Load data, sort out missing data (fill it or remove columns/rows)

In order for ML model to be able to work with Date, convert month (int) variable. Remove original Date after.

Similarly, convert Time's hour to (int) variable. Drop original Time after.

After all of that is done and data is ready. Create a baseline using `LinearRegression()`. No preprocessing needed, no optuna, just a simple baseline to see if it is working. For evaluation use `mean_absolute_error()`.

---

Once this is working, take the Optuna code you made during last lesson and adjust it to work with regression.

0. Change function where it loads the data to what you have created earlier.
1. You will need to change part where it chooses `classifiers` into `regressors`. Use folllowing: `LinearRegression`, `DecisionTreeRegressor`, `RandomForestRegressor`, `SVR`. Look these up at sci-kit and add some parameters you think might be impactful for Optuna to optimize.
2. You will need to change `stratifiedKfoldSplit` - which work with classification exapmles only, to a cross-validation method that can work with regression. ([here are](https://scikit-learn.org/stable/auto_examples/model_selection/plot_cv_indices.html#visualize-cross-validation-indices-for-many-cv-objects) the plots if you need help choosing)
3. change evaluation metric into whatever you choose to use during the baseline. Make sure optuna is set to optimize in the right direction!
4. Apart from the existing numerical-data-scalers optuna chooses from, add `Normalizer` to the choice. Find it in Scikit, import, and add it.

In the end, Optuna should be able to run 100 trials.

In [None]:
!pip install -q xlrd
!pip install -q optuna
!pip install -q openpyxl

print("-------------- Necessary packages installed --------------")

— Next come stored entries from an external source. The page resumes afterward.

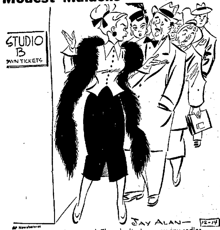
"This program's no good. They don't give away any radios, deep freeze units or necklaces, just money!"
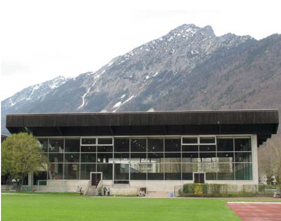
Figure 1 Ice-arena in Bad Reichenhall

The Bad Reichenhall ice-arena, built in 1971/1972, was a structure of approx. 75 m in length and approx. 48 m in width. The roof was supported by 2.87 m high main girders, which were produced in timber construction as box-girders. It was a special type of construction. The box-girders were produced with upper girders and lower girders made of glulam and lateral web boards made in a so-called “Kämpf web board” [a type of X-lam], whereby the 48 m long girders were produced out of three 16 m long sections, which were joined with general finger joints. For the “Kämpf web-girder” type of construction, a general technical approval was available, which, however, limited the building height of the web-girders produced in this manner to 1.20 m.
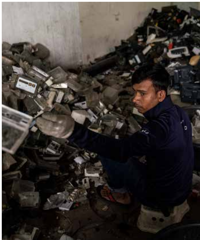
Imported plastic cases from electronic products mostly originating in USA, Canada and China are seen at an illegal recycling factory near Klang, Malaysia on 21st January, 2019.
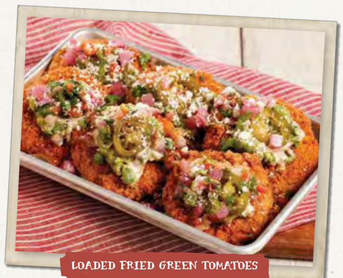
LOADED FRIED GREEN TOMATOES

Cornmeal-crusted green tomatoes with housemade guacamole, spicy ranch, pico de gallo, pickled red onions, smoked jalapeños, cotija cheese and cilantro. 11.99
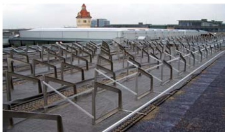
Each Solar Base Frame has been mounted on a 2 m 2 Solar Base Plate SB 200.
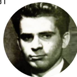
BORIS SPASSKY 1937
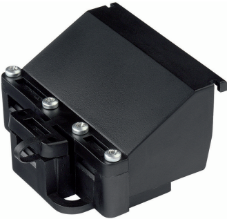
GPPR HIDSTRL1 PHL
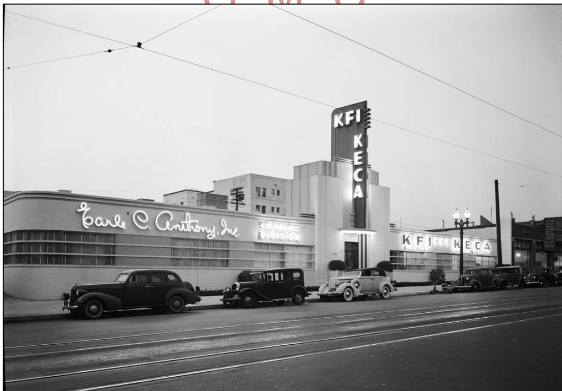
KFI and KECA, Los Angeles
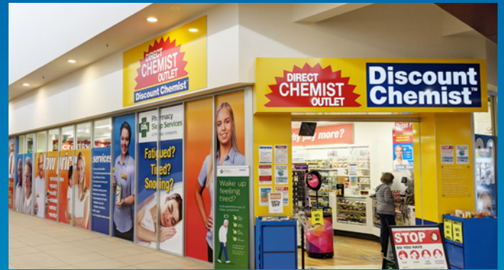
DCO WALLAN - OPENED SEPTEMBER 2020
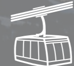
AT Aerial tramways
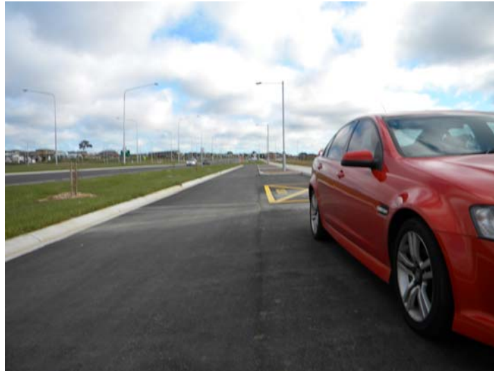
The completed Flemington Road Duplication
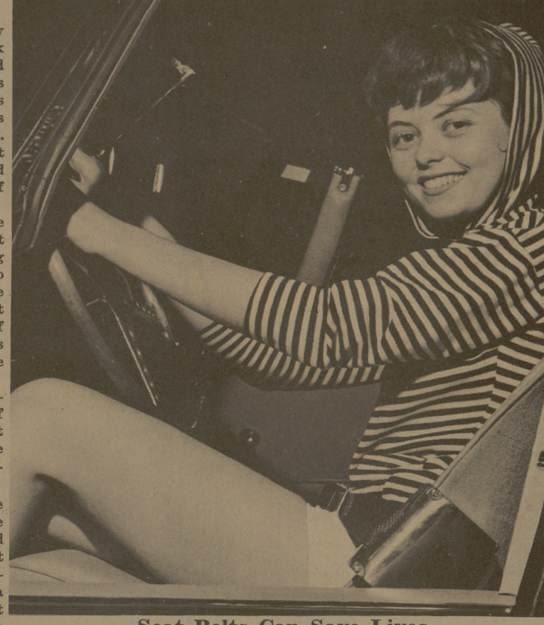
Seat Belts Can Save Lives The National Safety Council says that one third of all serious injury in automobile accidents could be prevented if only the victims had installed and used seat belts. This pretty lass is taking no chances.

"Most people wouldn't allow themselves to be placed in a black box with a one-foot peephole and then be propelled along at speeds of 60-70 miles per hour," Charles J. Keese, director of the Texas Transportation Institute said. "Yet, people do this when they get into their car on a cold day and just scrape away a handful of ice or snow." Keese further stated that while there is little snow here, most Aggies will encounter some during the holidays. "Drivers tend to adjust to bad weather," Keese said, "but only after the first 50 miles. It's at the outset of bad weather that most accidents occur which have as their cause adverse weather conditions." In a 1962 survey of 10,000 accidents occurring over 54 miles of freeways, the institute found that of all the reasons causing the mishaps sight-distance relationship was the greatest cause. "A driver should not overdrive his visibility," said Keese. "He should keep in mind how far and how much he can see and adjust his speed and reactions accordingly. This is the main thing a driver should remember. I can't repeat this statement enough. The failure of a driver to stay within his range of visibility is one of the biggest problems drivers are faced with."
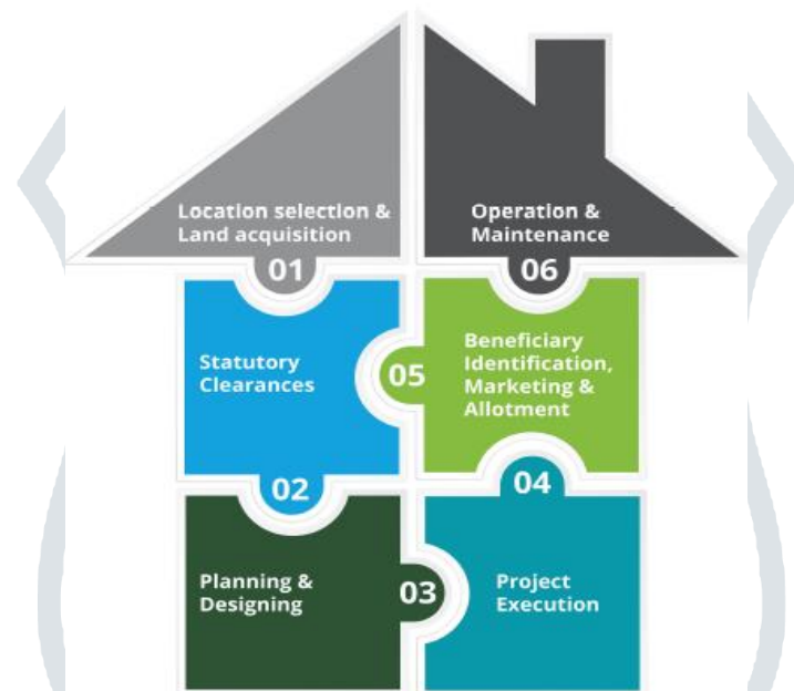
Fig. 1: Affordable Housing Ecosystem
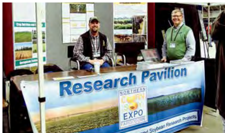
Checkoff supported information will be available from participating researchers.
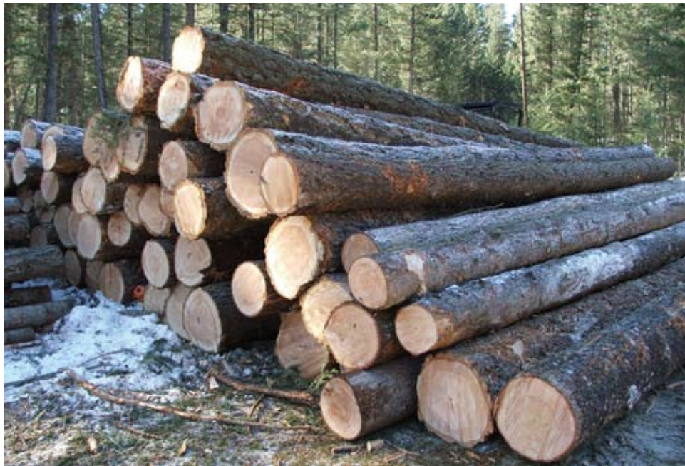
Figure 5: Douglas-fir sawlogs from removal of grassland encroachment.

the Research Forest and was available to bring a forwarder to the site to collect more debris (Fig. 6). On February 25, the owner-operator began collecting debris using the machine's grapple. It took from one to 1.5 hours to fill the bed and bring it to the landing. He decided to employ his log loader as well, as its grapple is more hand-like and could more quickly collect and pile debris that the forwarder could then pick up (Fig. 7). This decreased the forwarder cycle time to

from sklearn.model_selection import train_test_split
from sklearn.preprocessing import MinMaxScaler
from sklearn.metrics import mean_absolute_error
from sklearn.linear_model import LinearRegression
from sklearn.tree import DecisionTreeRegressor
from sklearn.model_selection import cross_val_score
from sklearn import metrics
from sklearn.ensemble import RandomForestRegressor
from sklearn.svm import SVR
from sklearn.model_selection import KFold
from sklearn.preprocessing import StandardScaler, MinMaxScaler, MaxAbsScaler, RobustScaler, StandardScaler, PowerTransformer,Normalizer
import pandas as pd
import datetime as dt
import optuna


print("-------------- Packages loaded --------------")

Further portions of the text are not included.